5. The registrant’s other certifying officer(s) and I have disclosed, based on our most recent evaluation of internal control over financial reporting, to the registrant’s auditors and the audit committee of the registrant’s board of directors (or persons performing the equivalent functions):

a) All significant deficiencies and material weaknesses in the design or operation of internal control over financial reporting which are reasonably likely to adversely affect the registrant’s ability to record, process, summarize and report financial information; and

b) Any fraud, whether or not material, that involves management or other employees who have a significant role in the registrant’s internal control over financial reporting.

Date: August 14, 2009

 

/s/ Kenneth Y. Tanji

Kenneth Y. Tanji
Executive Vice President and Chief Financial Officer
EX-32.1 4 dex321.htm SECTION 906 CERTICATION OF THE CHIEF EXECUTIVE OFFICER Section 906 Certication of the Chief Executive Officer

Exhibit 32.1

CERTIFICATION OF THE CHIEF EXECUTIVE OFFICER

Pursuant to 18 U.S.C. Section 1350, I, Stephen Pelletier, Chief Executive Officer and President of Prudential Annuities Life Assurance Corporation (the “Company”), hereby certify that the Company’s Quarterly Report on Form 10-Q for the quarter ended March 31, 2009 (the “Report”) fully complies with the requirements of Section 13(a) or 15(d) of the Securities Exchange Act of 1934 and that the information contained in the Report fairly presents, in all material respects, the financial condition and results of operations of the Company.

Dated: August 14, 2009

 

/s/ Stephen Pelletier

Name:

 

Stephen Pelletier

Title:

 

Chief Executive Officer and President

The foregoing certification is being furnished solely pursuant to 18 U.S.C. Section 1350 and is not being filed as part of the Report or as a separate disclosure document.

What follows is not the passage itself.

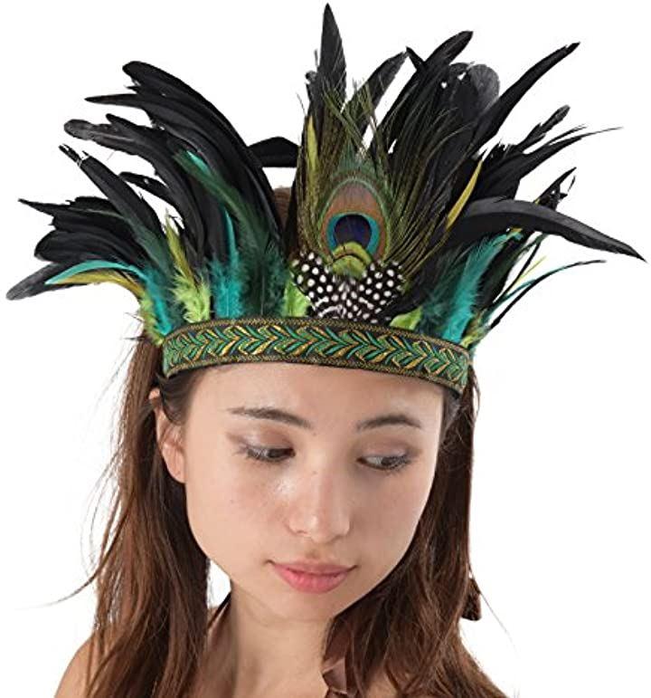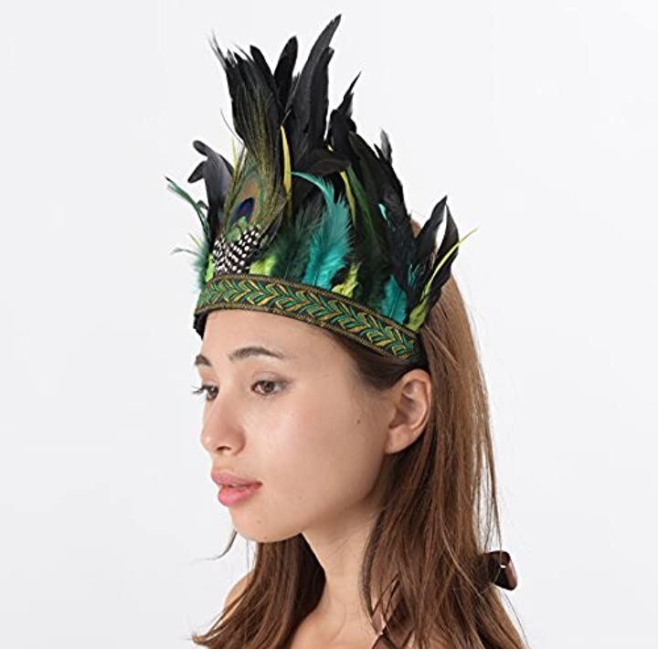黒と緑の綺麗なコントラストに孔雀の羽根飾りがゴージャス&エキゾチック。インパクト大のヘッドドレスです。

EX-32.2 5 dex322.htm SECTION 906 CERTICATION OF THE CHIEF FINANCIAL OFFICER Section 906 Certication of the Chief Financial Officer

Exhibit 32.2

CERTIFICATION OF THE CHIEF FINANCIAL OFFICER

Pursuant to 18 U.S.C. Section 1350, I, Kenneth Y. Tanji, Executive Vice President and Chief Financial Officer of Prudential Annuities Life Assurance Corporation (the “Company”), hereby certify that the Company’s Quarterly Report on Form 10-Q for the quarter ended March 31, 2009 (the “Report”) fully complies with the requirements of Section 13(a) or 15(d) of the Securities Exchange Act of 1934 and that the information contained in the Report fairly presents, in all material respects, the financial condition and results of operations of the Company.

Dated: August 14, 2009

 

/s/ Kenneth Y. Tanji

Name:

 

Kenneth Y. Tanji

Title:

 

Executive Vice President and Chief Financial Officer

The foregoing certification is being furnished solely pursuant to 18 U.S.C. Section 1350 and is not being filed as part of the Report or as a separate disclosure document.